Ethics and the Internet of Things in Research and Universities

This reblog of a post that originally appeared on the University of Nottingham Digital Research website documents a research project they funded where Martin Flintham and I explored the ethical challenges of Internet of Things technologies in research and universities more widely.

Mapping Ethical Challenges in the Internet of Things for Research.

Dr Lachlan Urquhart (Lecturer in Technology Law, University of Edinburgh) and Dr Martin Flintham (Assistant Professor in Computer Science, University of Nottingham).

Lachlan.urquhart@ed.ac.uk and martin.flintham@nottingham.ac.uk

31 Jan 2019.


Towards the Internet of Things

The door refused to open. 

It said, “Five cents, please.”

He searched his pockets. No more coins; nothing. “I’ll pay you tomorrow,” he told the door. Again he tried the knob. Again it remained locked tight. “What I pay you,” he informed it, “is in the nature of a gratuity; I don’t have to pay you.”

“I think otherwise,” the door said. “Look in the purchase contract you signed when you bought this conapt.”

Philip K Dick’s 1969 vision of the 1990s in Ubik might be said to capture elements of the modern world of smart devices but also some of the concerns about how they are, perhaps unwittingly, integrated into our everyday lives. The Internet of Things (IoT) marks the next stage in evolution of computers past the personal computer and the mobility eras, where one person might have one or a few computers, to the ubiquity era, where one person might have hundreds, thousands or eventually millions of computers at their fingertips. Ubiquitous computing is where computing is so interwoven into the fabric of everyday life that it is indistinguishable from it, or, as Mark Weiser puts it, where computing does not live on a personal device of a particular sort, but is in the woodwork everywhere. Since the 2000s, the majority of microprocessors aren’t in what we would identify as computers, but are in things; washing machines, TVs, car engine management systems, clothing tags. The Internet of Things takes ubiquitous computing and once again makes it visible through “smart” devices; everyday things augmented with computation and connectivity. They both sense the world and are sensable in the world, enabling notions of presence and identity, measuring location and features of the physical world. They attempt to infer their local context through ambient intelligence, predicting needs and reacting accordingly, or passively recording, tracking and monitoring.

The smart home marks a coordinated industry programme to bring IoT technologies, and the associated service platforms to which they connect, into the home. These devices span heating, security, entertainment, lighting and appliances. The most prominent, the voice operated smart speaker, has been installed in over 100 million homes to date. In a different context, the IoT promises to enhance manufacturing through the tracking of products and material through the supply chain, and via measurement and autonomy of the factory.

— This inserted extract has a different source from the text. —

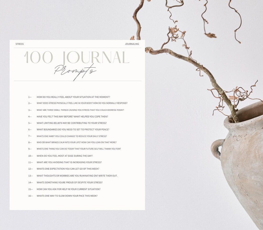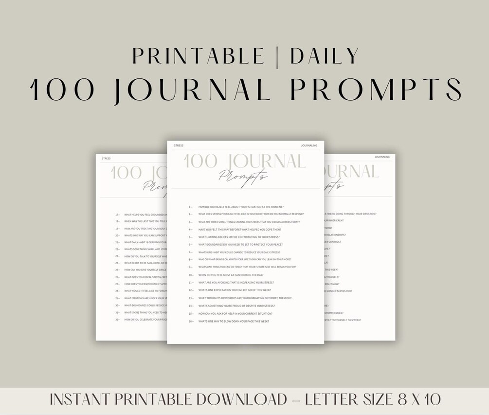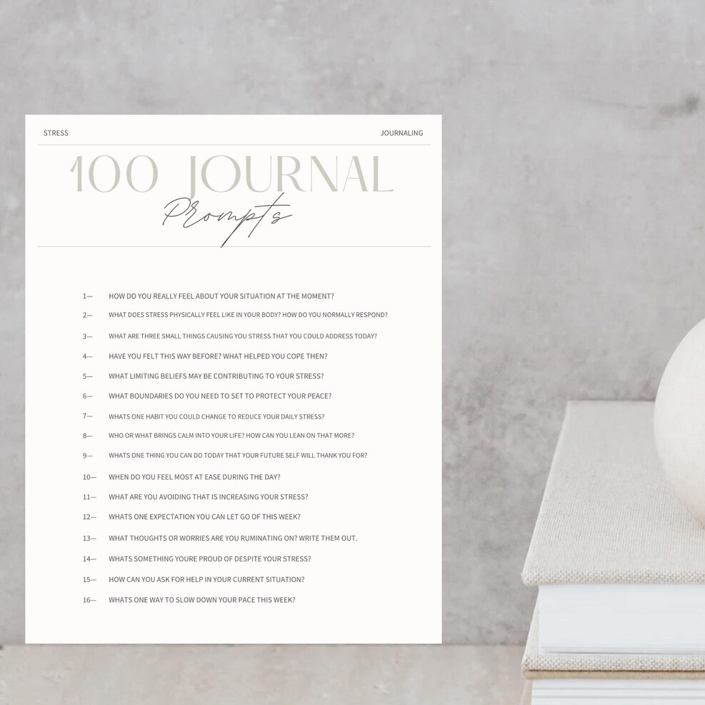 100 Journal Prompts for Stress | Printable Journal Prompts to De-Stress Manifest Self-Love Self-Care Healing Growth | Digital Download

The deployment of Internet of Things technologies is increasing within the University environment too, as researchers, administrators and operational support services embrace new opportunities to understand and enhance the world around us through captured data and automation. In research, the IoT can enable new avenues for data collection in “in the wild” contexts, for example in the home or factory floor, or facilitate previously analogue activities to be performed digitally, or at scale. Taken at face value, at an institutional level the IoT promises much in terms of understanding the needs of academics and students for facilities and infrastructure, or managing access to resources.

Whilst the IoT holds great promise and great appeal to many, it is not without its risks. There are risks to privacy and security that need to be thought through and mitigated as early as possible, and indeed increasingly are legally required to be considered. The General Data Protection Regulation 2016 even legally mandates data protection by design and default, requiring data controllers to put in place organisational and technical measures to protect information privacy rights of data subjects. Moreover, as with any new technology, care must be taken to ensure that it is indeed providing a suitable solution to a known problem, co-created with and by end users and other stakeholders from the outset. Our goal, then, within this Digital Research funded project is to explore some of the challenges around ideating and evaluating the IoT with stakeholders within the University, to unpack the risks and how they should be dealt with in practice.


Mapping Workshops

In autumn 2018, we ran workshops using a range of card-based tools, in particular helping participants to map the ethical challenges around use of IoT devices in the research/university context. This involved inviting a range of participants from different parts of the university working in operational IT through to research to use various card decks to both create new IoT systems that could be developed in the university and would be useful for their everyday practices, and to then evaluate the ethical risks they might create.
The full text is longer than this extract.